How the ICMP message is used to identify the IP datagram that caused the error?
The purpose of the lab is to observe an ICMP port unreachable message and to see how the ICMP message is used to identify the IP datagram that caused the error.
Open a terminal window on hostC1 and start tcpdump:
Open another terminal window on hostC1 send a single UDP datagram to a non-existent port (32000) on hostA1.
Observe the sock output
Observe the tcpdump output.
Results:
sock output:
[student@hostC1 ~]$ sock -u hostA1 32000
hello
recv error: Connection refused
tcpdump output:
[student@hostC1 ~]$ sudo tcpdump -n -v port 32000 or icmp
tcpdump: listening on e0, link-type EN10MB (Ethernet), capture size 96 bytes
15:01:23.256295 IP (tos 0x0, ttl 64, id 15731, offset 0, flags [none], proto UDP (17), length 34)
10.1.3.1.64270 > 10.1.1.1.32000: UDP, length 6
15:01:23.279295 IP (tos 0x0, ttl 62, id 15710, offset 0, flags [none], proto ICMP (1), length 56)

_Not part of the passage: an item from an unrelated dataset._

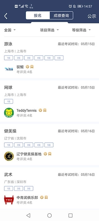 3、点击青少年等级,里面有各种各样的项目报名考试,更是有成绩查询等

10.1.1.1 > 10.1.3.1: ICMP 10.1.1.1 udp port 32000 unreachable, length 36
IP (tos 0x0, ttl 62, id 15731, offset 0, flags [none], proto UDP (17), length 34)
10.1.3.1.64270 > 10.1.1.1.32000: UDP, length 6
Discussion:
In Frame 1 the IP header and the UDP header are highlighted.
Frame 2 is the ICMP port unreachable message sent by hostA1 caused by the IP datagram in Frame 1.The ICMP payload of the ICMP message is the IP header + 8 bytes of IP payload of the datagram that caused the error.
HostC1 passes the unreachable port message to the sock application on port 64270.
The Sock program prints connection refused.